## DATA PROVIDED
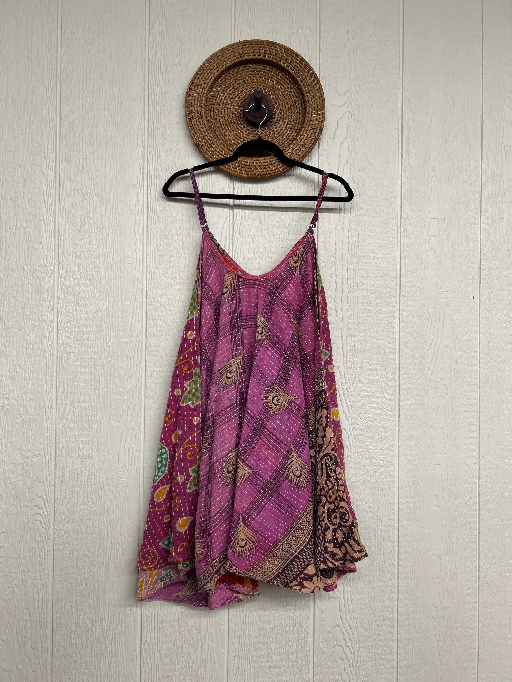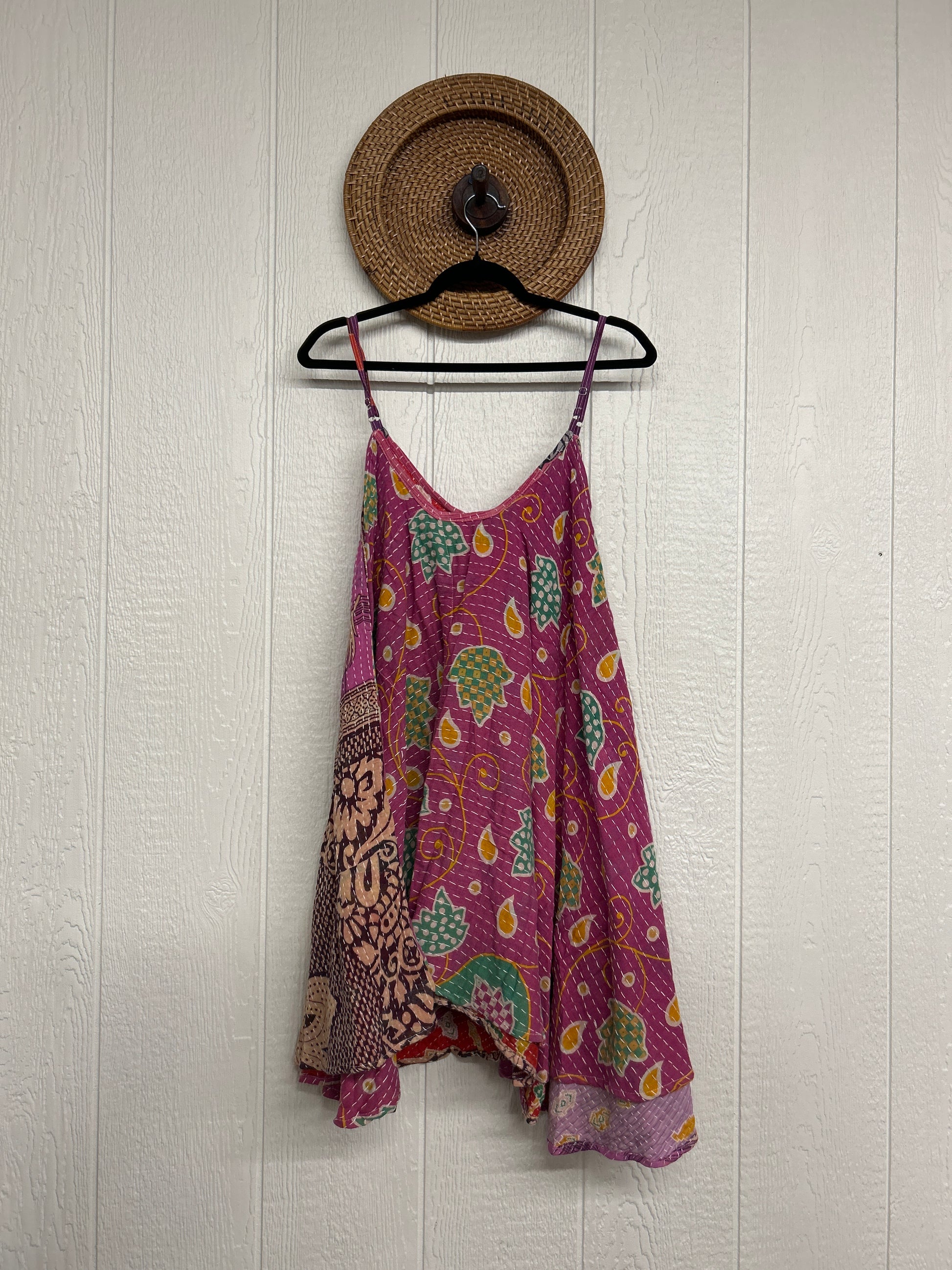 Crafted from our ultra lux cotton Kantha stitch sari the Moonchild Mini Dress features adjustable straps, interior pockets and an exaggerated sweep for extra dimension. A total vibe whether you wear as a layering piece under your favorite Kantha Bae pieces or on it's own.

* * *

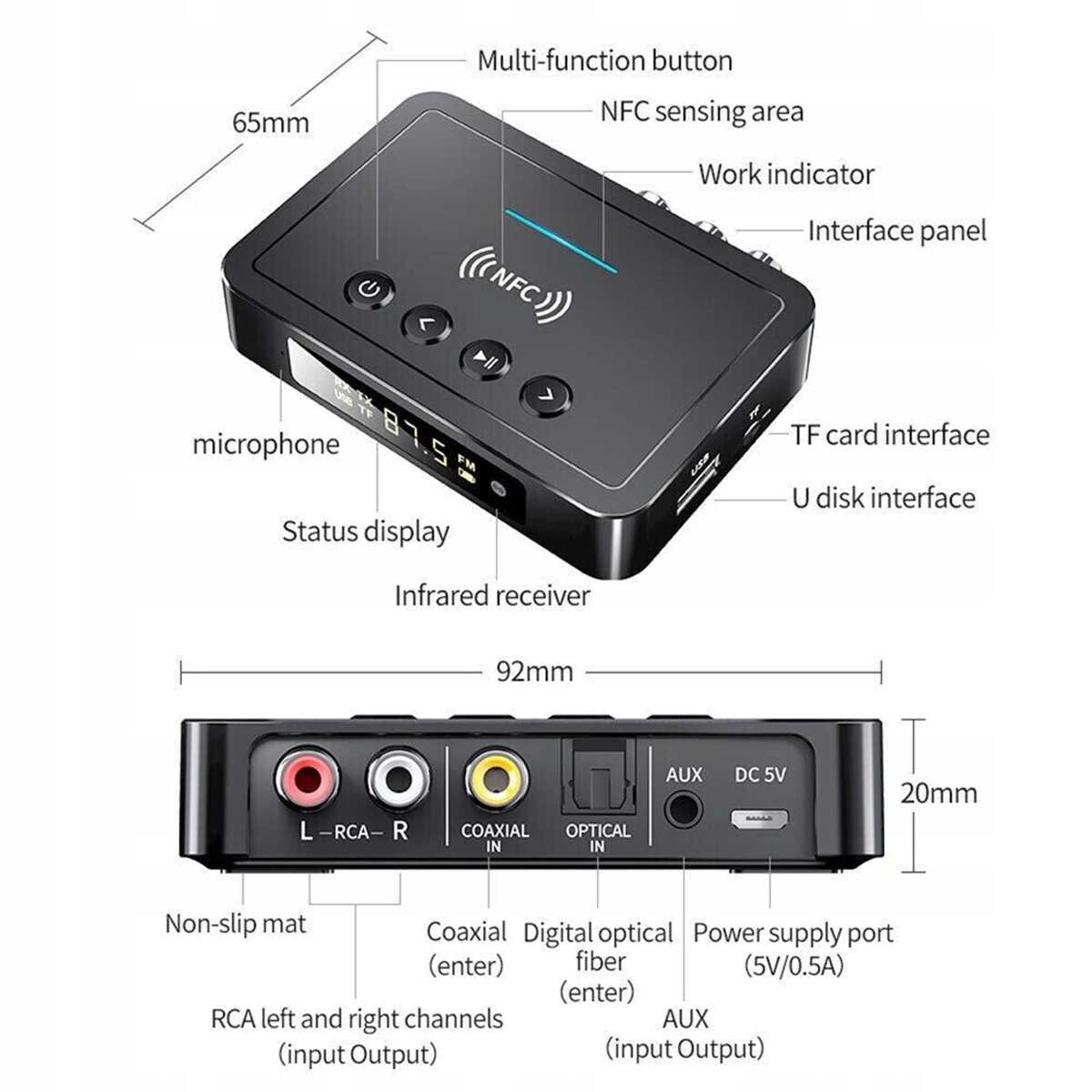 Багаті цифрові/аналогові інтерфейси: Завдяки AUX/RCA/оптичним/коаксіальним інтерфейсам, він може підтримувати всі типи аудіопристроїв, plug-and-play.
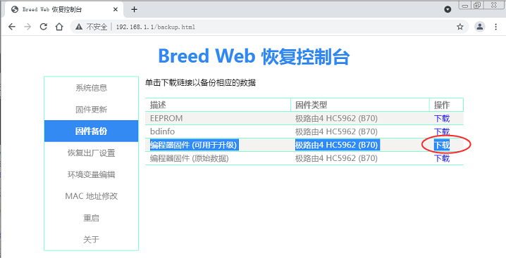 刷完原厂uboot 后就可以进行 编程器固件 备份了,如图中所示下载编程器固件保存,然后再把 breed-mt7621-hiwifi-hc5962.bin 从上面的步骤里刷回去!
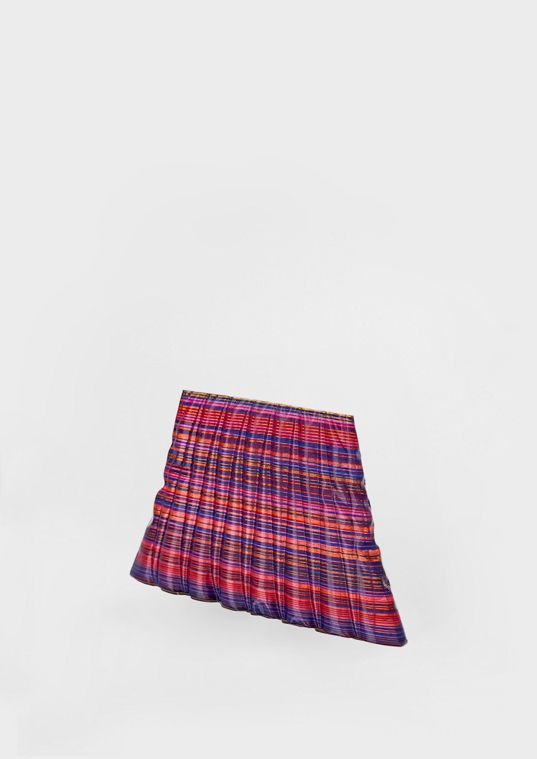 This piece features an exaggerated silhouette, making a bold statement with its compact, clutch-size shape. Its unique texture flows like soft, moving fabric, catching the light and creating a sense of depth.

* * *

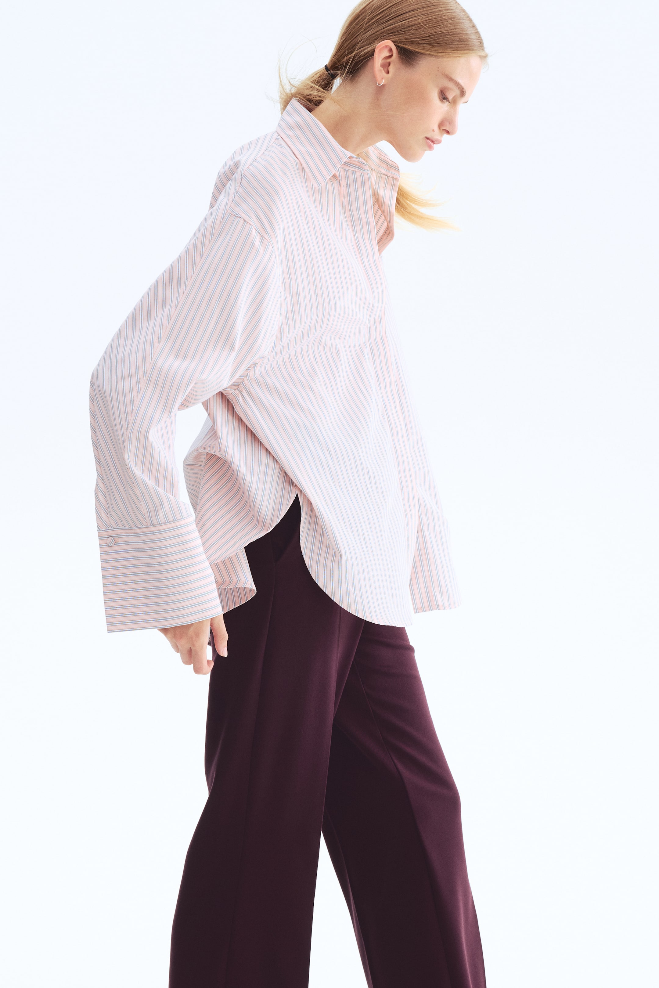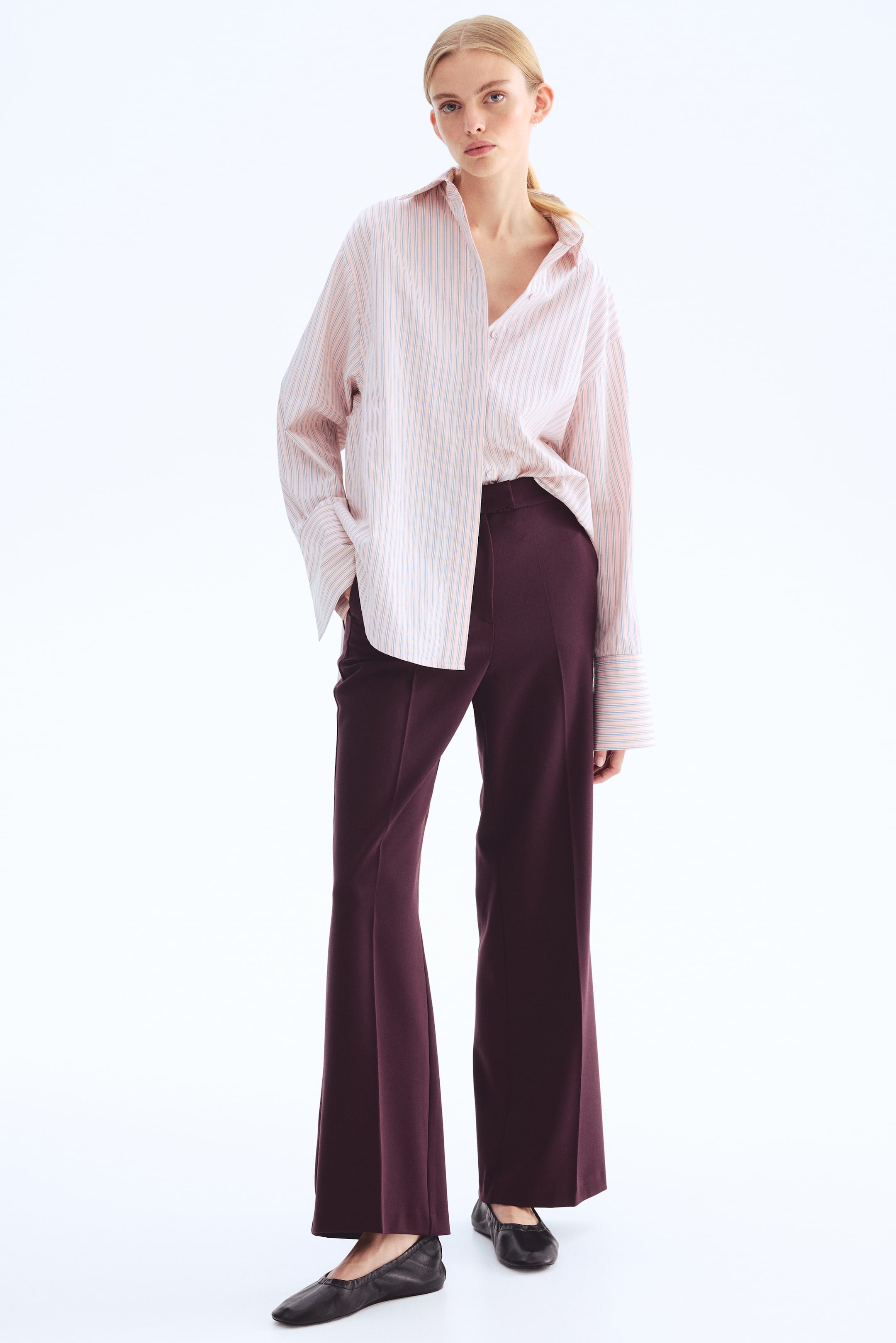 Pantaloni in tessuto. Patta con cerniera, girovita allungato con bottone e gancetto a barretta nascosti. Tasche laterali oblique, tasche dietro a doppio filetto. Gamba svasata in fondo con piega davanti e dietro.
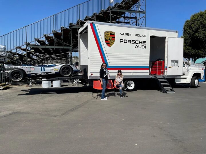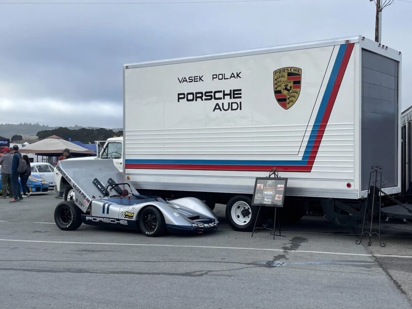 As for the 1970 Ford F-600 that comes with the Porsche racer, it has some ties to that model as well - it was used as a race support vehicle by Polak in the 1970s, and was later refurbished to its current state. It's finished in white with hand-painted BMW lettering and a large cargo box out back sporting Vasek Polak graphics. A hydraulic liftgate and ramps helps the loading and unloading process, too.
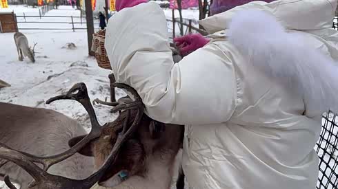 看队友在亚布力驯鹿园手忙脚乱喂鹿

## WHAT IS REQUIRED
The copy should hold only the lines from the one with "Багаті цифрові/аналогові інтерфейси: Завдяки" through the one with "This piece features", exactly as they stand above. Leave out the pictures.

## EXERCISE SOLUTION
 Багаті цифрові/аналогові інтерфейси: Завдяки AUX/RCA/оптичним/коаксіальним інтерфейсам, він може підтримувати всі типи аудіопристроїв, plug-and-play.
 刷完原厂uboot 后就可以进行 编程器固件 备份了,如图中所示下载编程器固件保存,然后再把 breed-mt7621-hiwifi-hc5962.bin 从上面的步骤里刷回去!
 This piece features an exaggerated silhouette, making a bold statement with its compact, clutch-size shape. Its unique texture flows like soft, moving fabric, catching the light and creating a sense of depth.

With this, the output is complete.